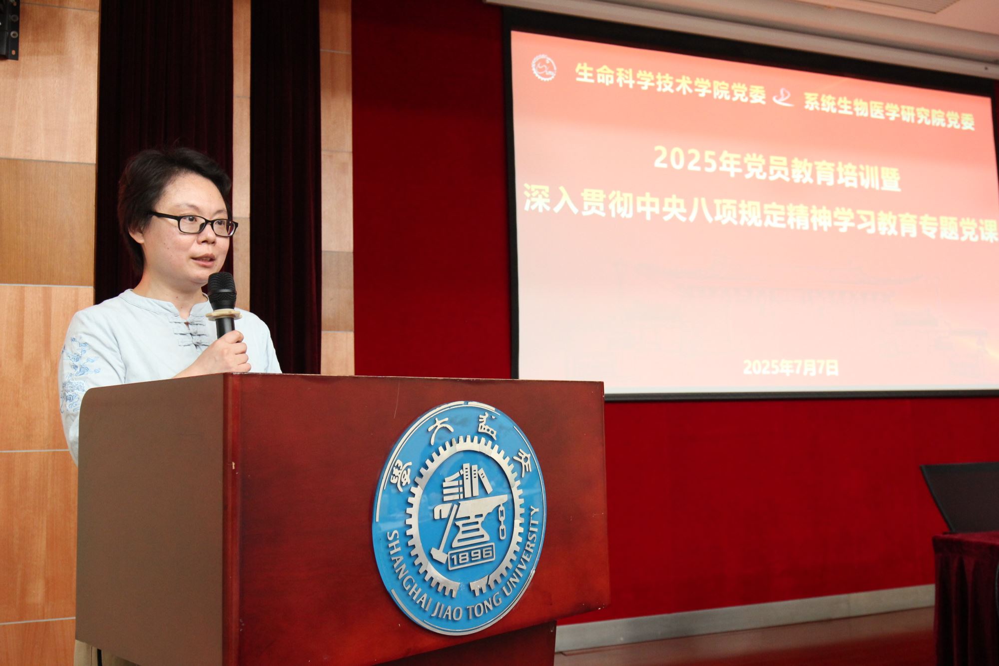 2025年7月7日,bat365正版唯一官网联合系统生物医学研究院党员教育培训暨深入贯彻中央八项规定精神学习教育专题党课,邀请上海市委党校党的建设教研部教授吴海红老师做专题辅导报告。两个单位党政领导班子、党委委员、师生党支部书记、师生党员近200人参加学习。活动由bat365正版唯一官网党委副书记王鑫主持。
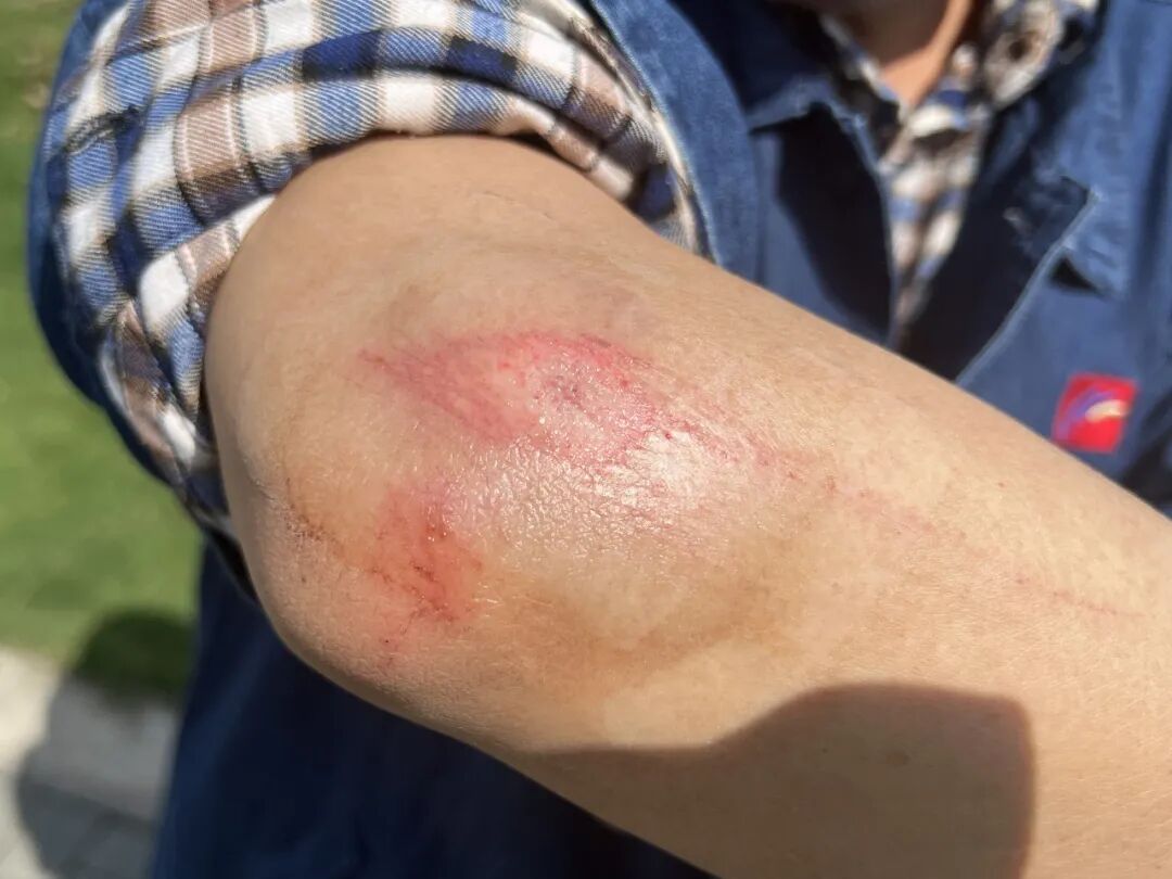 他的手臂擦伤了一大块
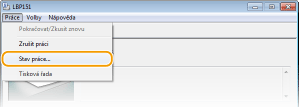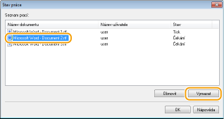 Zrušení pomocí vzdáleného uživatelského rozhraníTisk lze zrušit na stránce [Stav úlohy] ve vzdáleném uživatelském rozhraní. Kontrola aktuálního stavu tištěných dokumentů
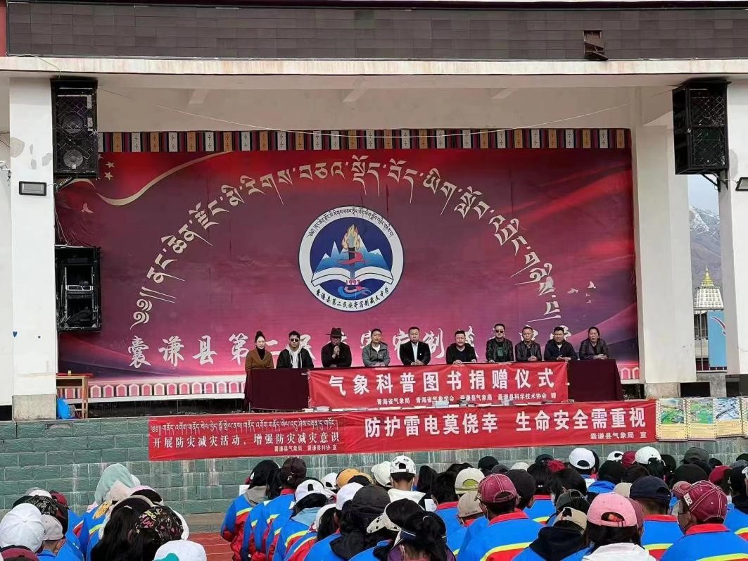 图为:玉树州囊谦县科普图书捐赠现场 图为:称多县、乡、村三级气象防雷减灾推进会
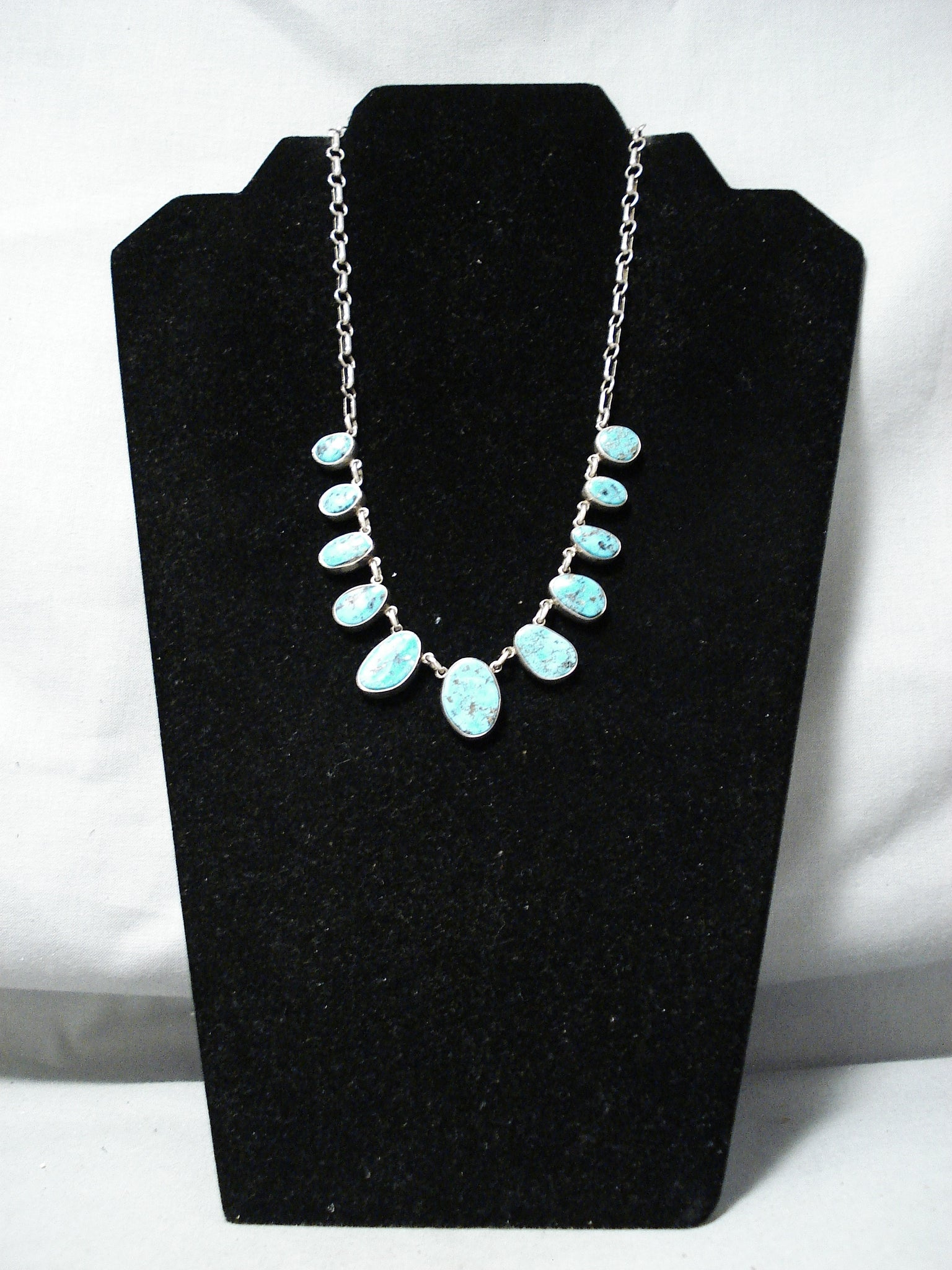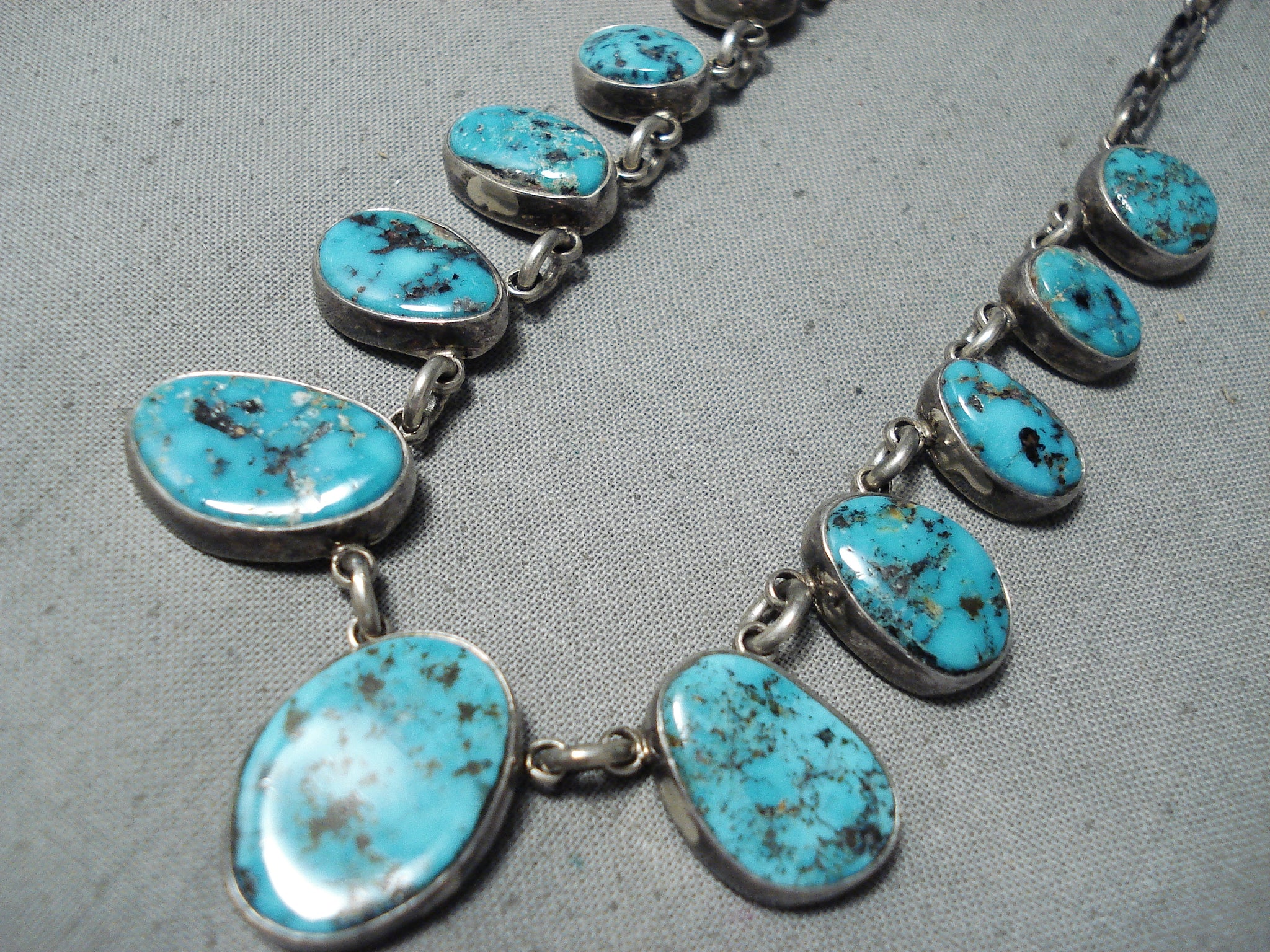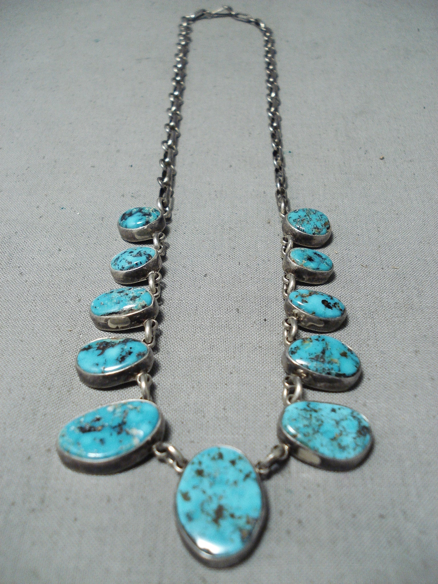 Dramatic Vintage Native American Navajo Kingman Turquoise Sterling Silver Necklace Old
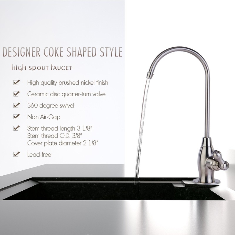 - Heavy duty non-air gap faucet with 360-degree free swivel and quarter turn handle; solid brass construction and durable ceramic disc provide trouble-free smooth operations. A safe channel for your freshly filtered water for you and your family.
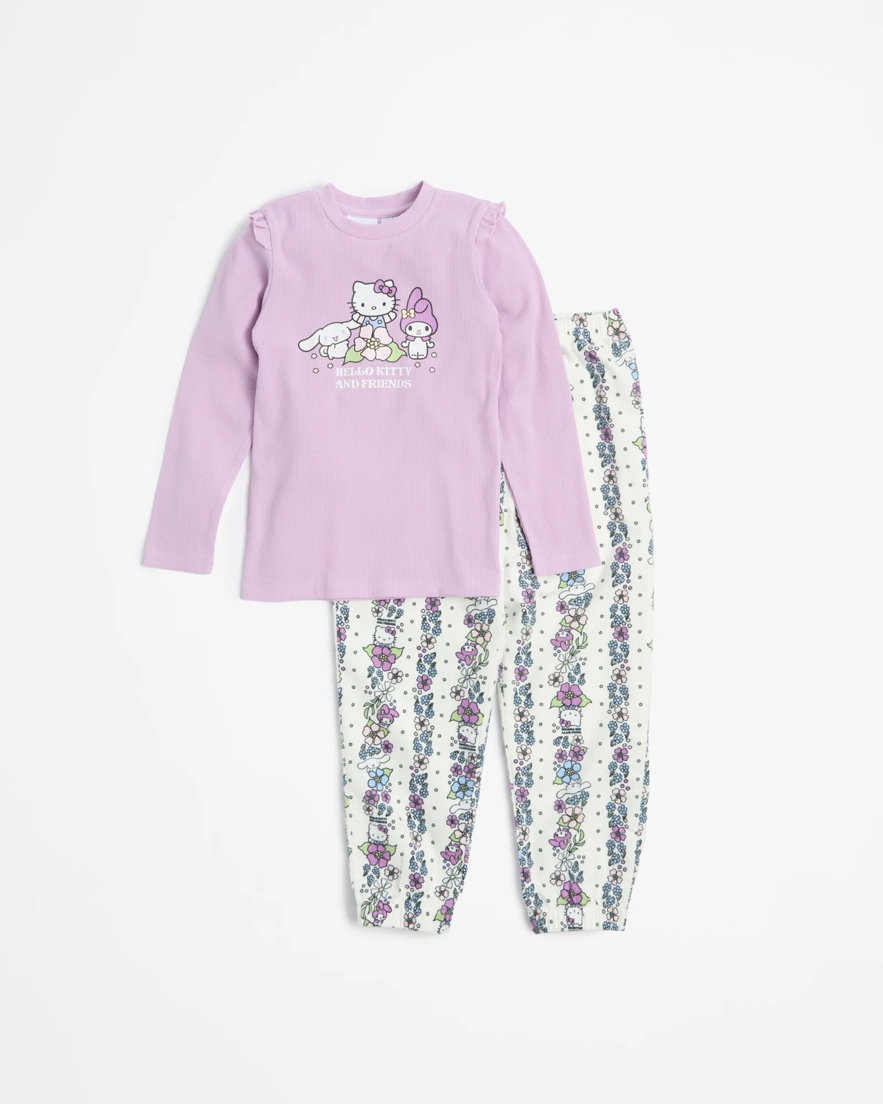 Introducing our charming Hello Kitty Girls Long Sleeve Rib Flannelette Pyjama Set, perfect for cosy nights and sweet dreams. Made from soft, stretchy cotton, this set ensures a snug, regular fit that’s both comfortable and stylish. The two-piece set features a ribbed crew neck top with delightful shoulder ruffle details and a playful Hello Kitty and Friends print, making bedtime fun and exciting. The matching flannelette pants with an elastic waistband and cuffs provide extra warmth and ease of movement. Treat your little one to this adorable set and watch her light up with joy – an ideal addition to her night-time routine.
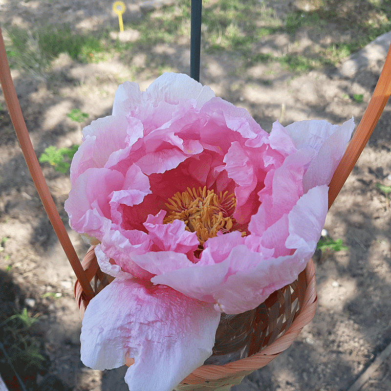 « Suffruticosa Pink » est son nom : à fleurs doubles – Garnies d’étamine jaunes.
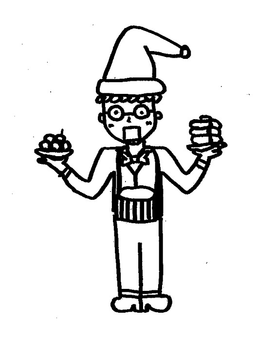 宮本画伯が自分のお皿にパンケーキをとるまで、
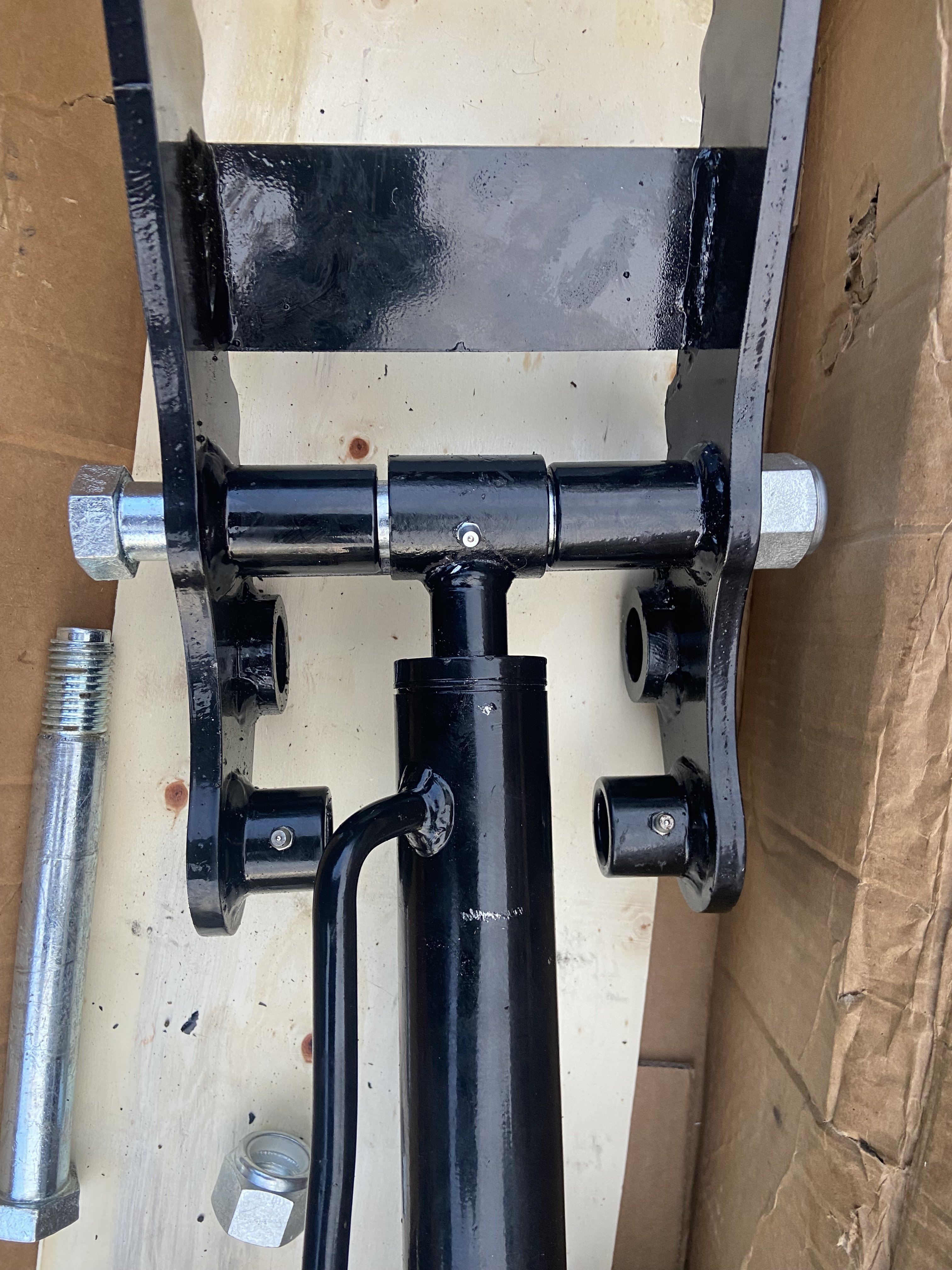 After I got everything mounted and plumbed on the machine, the new thumb worked perfectly… well, almost. While testing it, I noticed that the pivot pin rotated along with the thumb, so the new pivot point grease fittings are inadequate/ineffective. I will probably just go ahead and install one on the stick mount point where the pin does rotate, but I feel a little silly for failing to predict this outcome.
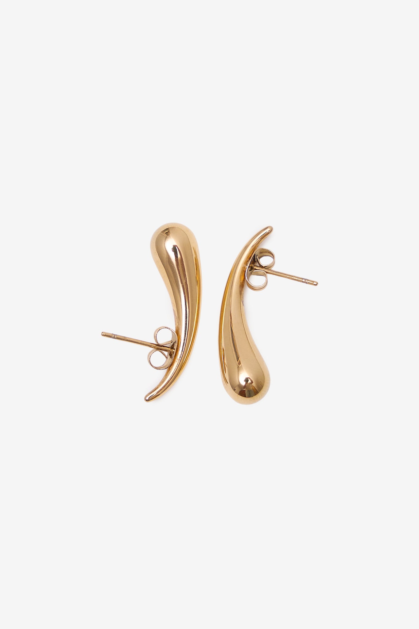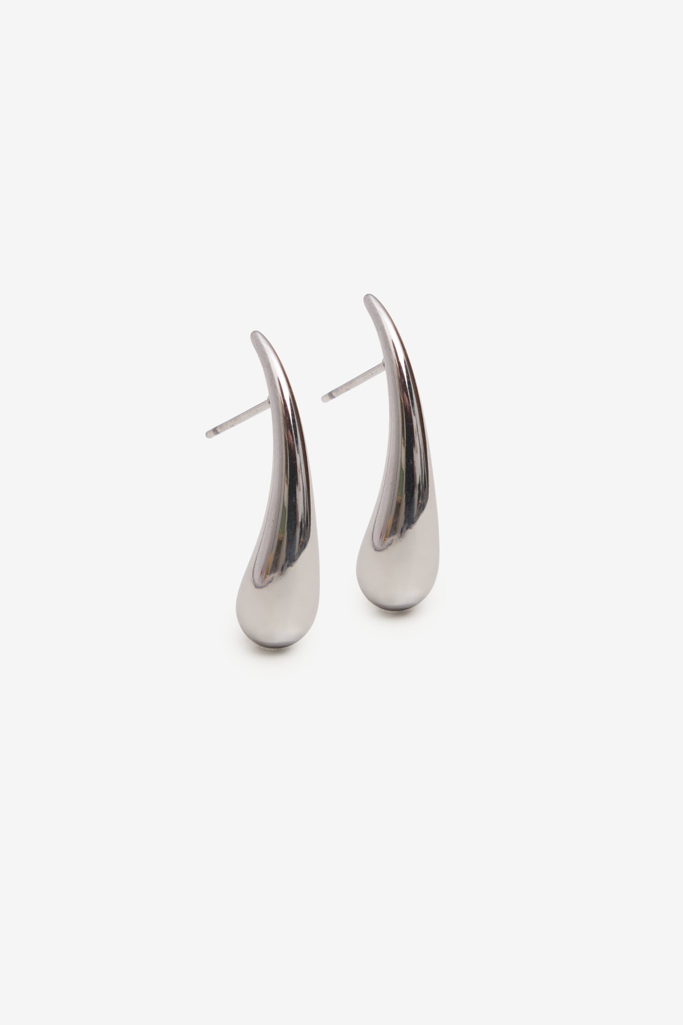 Brincos em aço inoxidável em formato gota minimalista. Elegantes e versáteis, ideais para um look sofisticado.
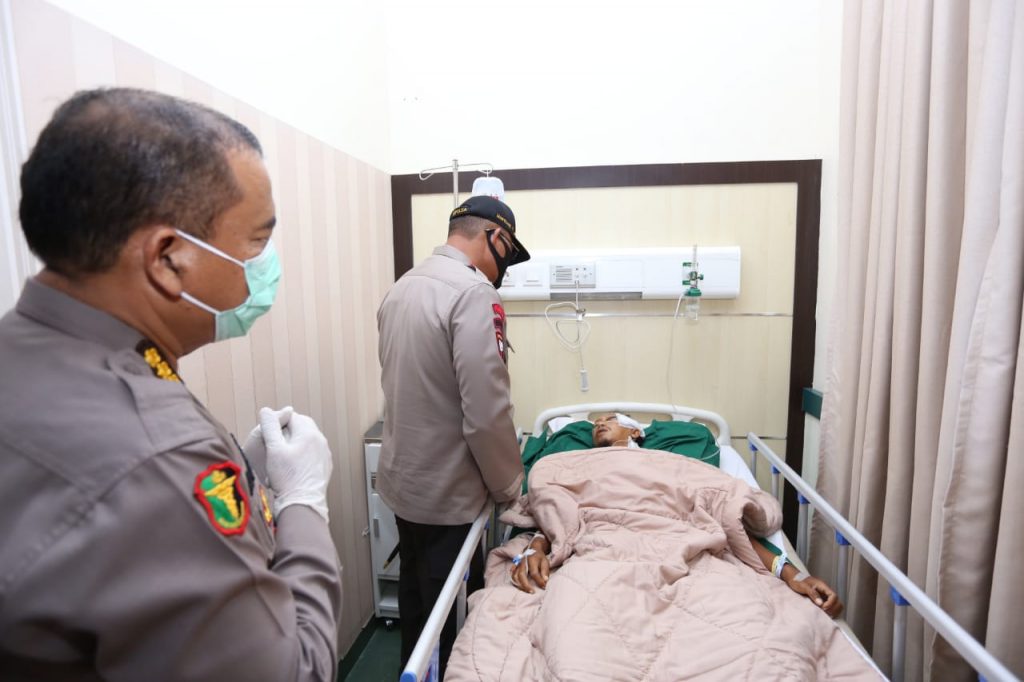 Medan, Maspolin.id—Kepala Kepolisian Daerah Sumatera Utara Irjen Pol. Drs. Martuani Sormin, M.Si didampingi Karumkit Bhayangkara TK I Medan mengunjungi Aipda Daely Personel Sat Reskrim Polres Pelabuhan Belawan yang menjadi korban pembacokan massa saat tangkap DPO di Lorong Supir Kel. Belawan I, Kec. Medan Belawan, Rabu (10/06/2020) malam.

Directions for this task – Drop the pictures; return the lines above from the line containing "图为:玉树州囊谦县科普图书捐赠现场 图为:称多县、乡、村三级气象防雷减灾推进会" to the line containing "宮本画伯が自分のお皿にパンケーキをとるまで、", both included, exactly.

Solution to the exercise –
 图为:玉树州囊谦县科普图书捐赠现场 图为:称多县、乡、村三级气象防雷减灾推进会
 Dramatic Vintage Native American Navajo Kingman Turquoise Sterling Silver Necklace Old
 - Heavy duty non-air gap faucet with 360-degree free swivel and quarter turn handle; solid brass construction and durable ceramic disc provide trouble-free smooth operations. A safe channel for your freshly filtered water for you and your family.
 Introducing our charming Hello Kitty Girls Long Sleeve Rib Flannelette Pyjama Set, perfect for cosy nights and sweet dreams. Made from soft, stretchy cotton, this set ensures a snug, regular fit that’s both comfortable and stylish. The two-piece set features a ribbed crew neck top with delightful shoulder ruffle details and a playful Hello Kitty and Friends print, making bedtime fun and exciting. The matching flannelette pants with an elastic waistband and cuffs provide extra warmth and ease of movement. Treat your little one to this adorable set and watch her light up with joy – an ideal addition to her night-time routine.
 « Suffruticosa Pink » est son nom : à fleurs doubles – Garnies d’étamine jaunes.
 宮本画伯が自分のお皿にパンケーキをとるまで、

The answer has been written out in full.